Records contained in a dataset:
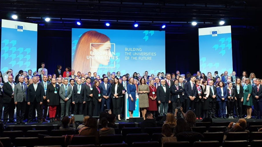 Στην πανηγυρική εκδήλωση παρουσιάστηκαν σε πλήθος πολιτικών και μελών της πανευρωπαϊκής εκπαιδευτικής κοινότητας οι 17 επιλεγέντες συνασπισμοί Πανεπιστημίων που θα υλοποιήσουν το πιλοτικό πρόγραμμα “Ευρωπαϊκά Πανεπιστήμια”. Η πρωτοποριακή αυτή πρωτοβουλία αφορά στη δημιουργία συμμαχιών μεταξύ Πανεπιστημίων των κρατών-μελών της Ευρωπαϊκής Ένωσης, εντός των οποίων θα δύνανται να πραγματοποιηθούν συνεργασίες, κοινά προγράμματα, ανταλλαγές προσωπικού και φοιτητών, ευέλικτες μορφές διδασκαλίας κ.ά., δίνοντας την ευκαιρία στους φοιτητές να αποκτήσουν πτυχία συνδυάζοντας σπουδές σε περισσότερες χώρες της ΕΕ.
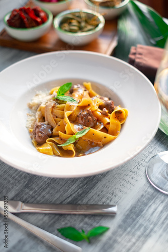 Pappardelle pasta with beef, gravy, parmesan and basil on a white plate. Italian dish served on a table, close up
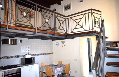 The 45 sqm apartment is located on the third floor of a historic building from the 1700s built in the center of the ancient fishing village in what is today the main square of Marina di Vietri. It is 50 meters from the sea and consists of a bathroom with shower, an open mezzanine with a double sofa bed, a bedroom with a king size double bed, a living room with kitchenette complete with a large table with chairs and a small terrace. It is equipped with all comforts such as 24/24 wireless internet connection and air conditioning. The kitchen is fully equipped with dishes, pots, glasses, cutlery, oven, washing machine and fridge.
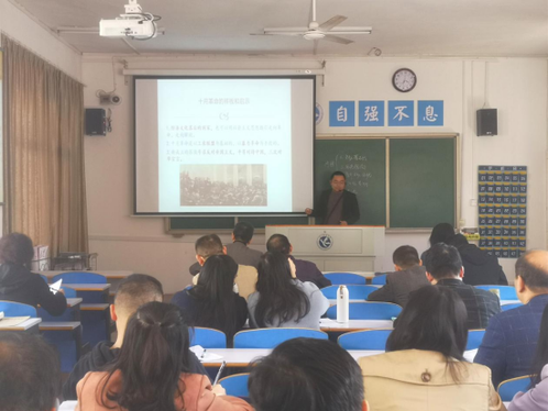 会上,谢周艳、黄亚鹏、何宝君、薛艳茹、符小勇五位老师分别代表各自教学系部,选取课本当中的一个知识点并结合党的十九届六中全会精神进行了15分钟的课堂教学展示。
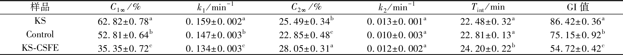 表5 KS、Control和KS-CSFE的消化动力学常数和GI值
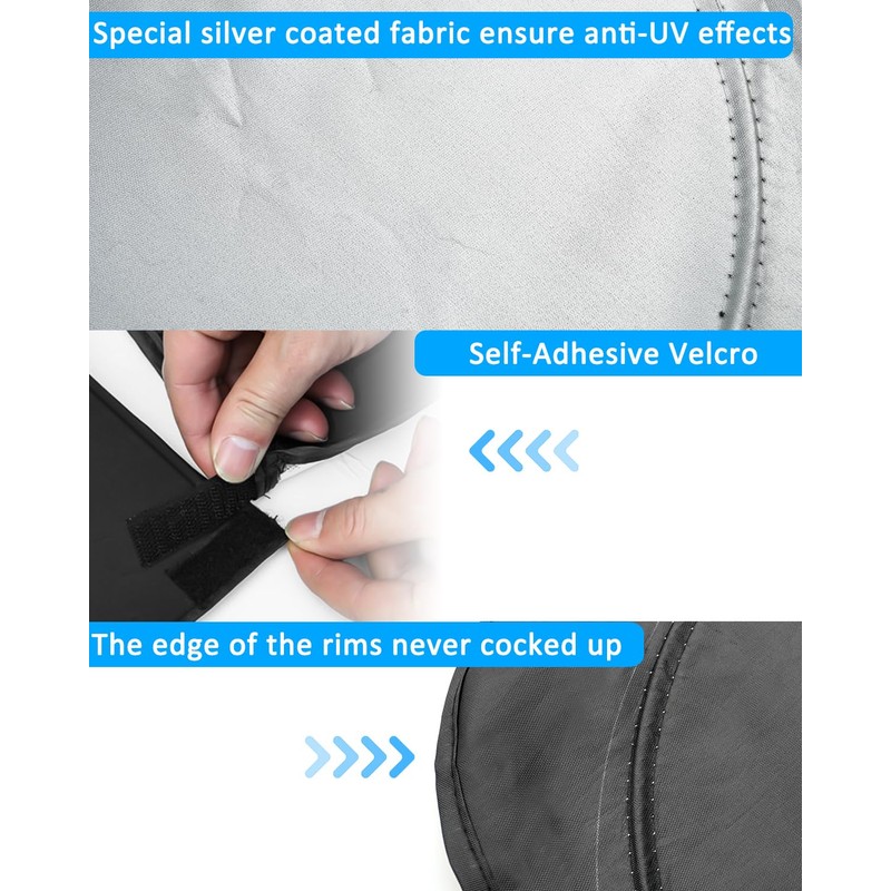 - FOLDABLE AND PORTABLE - The windscreen sunshade can be easily popped up and folded in seconds for everyday use. Reinforced rings offer durability with flexibility, never deform, easy to unfold and store. You can store the folded-up sun shade anywhere.

▶ **Problem statement**: Could you copy the data above exactly, leaving the pictures out?

▶ **Task output**:
 Στην πανηγυρική εκδήλωση παρουσιάστηκαν σε πλήθος πολιτικών και μελών της πανευρωπαϊκής εκπαιδευτικής κοινότητας οι 17 επιλεγέντες συνασπισμοί Πανεπιστημίων που θα υλοποιήσουν το πιλοτικό πρόγραμμα “Ευρωπαϊκά Πανεπιστήμια”. Η πρωτοποριακή αυτή πρωτοβουλία αφορά στη δημιουργία συμμαχιών μεταξύ Πανεπιστημίων των κρατών-μελών της Ευρωπαϊκής Ένωσης, εντός των οποίων θα δύνανται να πραγματοποιηθούν συνεργασίες, κοινά προγράμματα, ανταλλαγές προσωπικού και φοιτητών, ευέλικτες μορφές διδασκαλίας κ.ά., δίνοντας την ευκαιρία στους φοιτητές να αποκτήσουν πτυχία συνδυάζοντας σπουδές σε περισσότερες χώρες της ΕΕ.
 Pappardelle pasta with beef, gravy, parmesan and basil on a white plate. Italian dish served on a table, close up
 The 45 sqm apartment is located on the third floor of a historic building from the 1700s built in the center of the ancient fishing village in what is today the main square of Marina di Vietri. It is 50 meters from the sea and consists of a bathroom with shower, an open mezzanine with a double sofa bed, a bedroom with a king size double bed, a living room with kitchenette complete with a large table with chairs and a small terrace. It is equipped with all comforts such as 24/24 wireless internet connection and air conditioning. The kitchen is fully equipped with dishes, pots, glasses, cutlery, oven, washing machine and fridge.
 会上,谢周艳、黄亚鹏、何宝君、薛艳茹、符小勇五位老师分别代表各自教学系部,选取课本当中的一个知识点并结合党的十九届六中全会精神进行了15分钟的课堂教学展示。
 表5 KS、Control和KS-CSFE的消化动力学常数和GI值
 - FOLDABLE AND PORTABLE - The windscreen sunshade can be easily popped up and folded in seconds for everyday use. Reinforced rings offer durability with flexibility, never deform, easy to unfold and store. You can store the folded-up sun shade anywhere.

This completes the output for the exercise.